Moeketsi, however, told reporters the country now “needs vigilance in both government and opposition to pay much attention and take actions and formulate clear policies against high levels of unemployment and rampant poverty among all vulnerable groups, particularly most disadvantaged unemployed tertiary graduates, youth and women who are a majority of our population”.

He added that it was “unacceptable” that farmers and government service suppliers “are rarely paid on time unless they have political connections with senior government officials who also endlessly continue with their unnecessary international trips with a view to receiving per diem”.

He urged government to concentrate on preparing for the “perennial food insecurity which most people are already experiencing”.

Media reports indicated earlier this month that government needed over M200 million to buy 25 255 tonnes of grain for the country’s most vulnerable communities.

Crop production in this country declined by 21 percent and the sale of livestock products dropped by 70 percent due to drought, Disaster Management Authority (DMA) announced.

The number of people who will need food will increase to about 640 000 from July until June next year unless production is boosted by intensive agriculture practices.

“The TRC is in a position now to know that about half a million Basotho face famine or severe food shortage because of the efficiency of the government,” Selinyane said yesterday.

“It is because of the openness, accountability, transparency and responsiveness and answering to the people for its actions on the part of the government that those statistics have been compiled, checked and rechecked, discussed and resources being deployed to ensure that nobody is left out of the net of potential beneficiaries and then the strategies are being put afoot.”

He further indicated that there was a recent announcement by the United Nations Development Programme (UNDP) and the DMA on behalf of government, of the preliminary estimation of the rollout of assistance.

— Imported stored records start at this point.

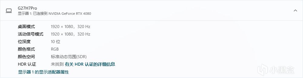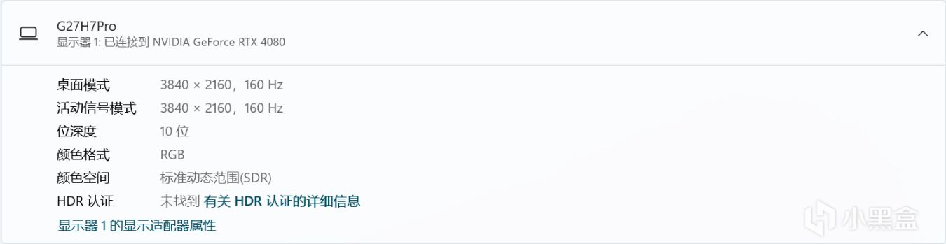 用自帶的DP線連接,兩種模式都可以跑滿10Bit全分辨率輸出。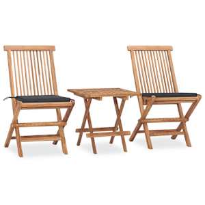 Zložljiva jedilna garnitura 3-delna z blazinami trdna tikovina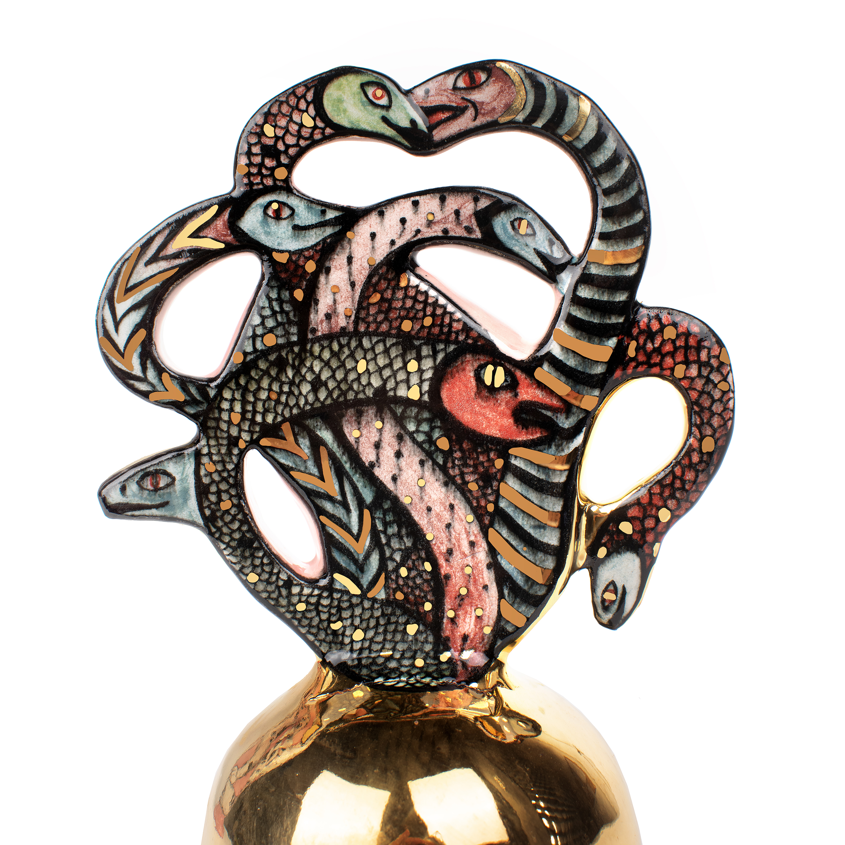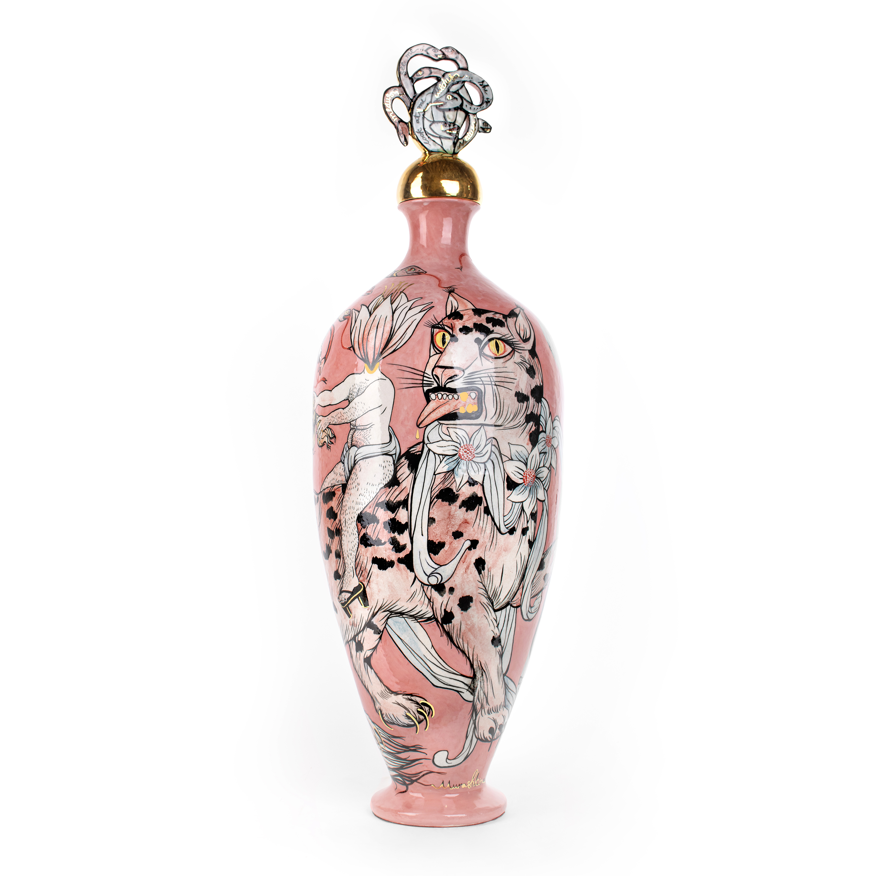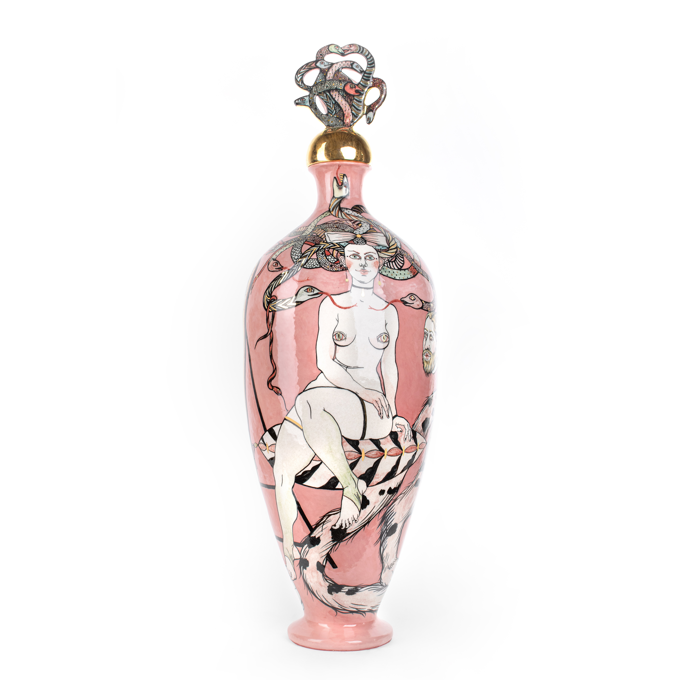 "Medusa" 2025 31 x 31 x 96 cm ceramic vase, underglaze drawing, gold, triple fire.One of my favorite plot of Greek mythology is a personage of Medusa. In my interpretation it’s a terribly beautiful woman killing strangers by her look.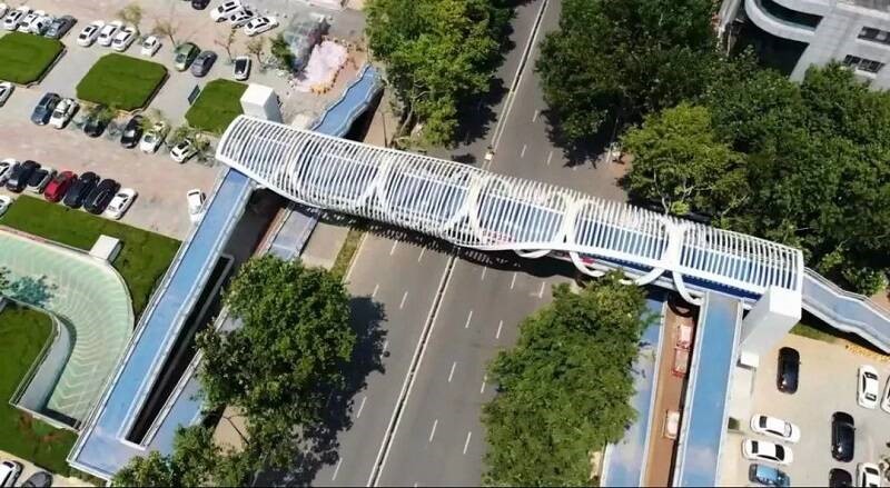 两座天桥设计均为钢结构装配式连续梁桥均配备了步行梯、垂直电梯和非机动车坡道,使锻炼、游玩的行人和过往车辆各行其道。

“Other means and forms of assistance will be publicised and rolled out. This has nothing to do with, and it is not in competition with and it cannot be replaced by or it cannot replace the consideration of the security for the premiership.

“Those two things have nothing in common, it is like talking of pebbles and rubies. In this case I am not saying the pebbles are the premiership’s security and rubies are the food insecurity or vice versa,” he said.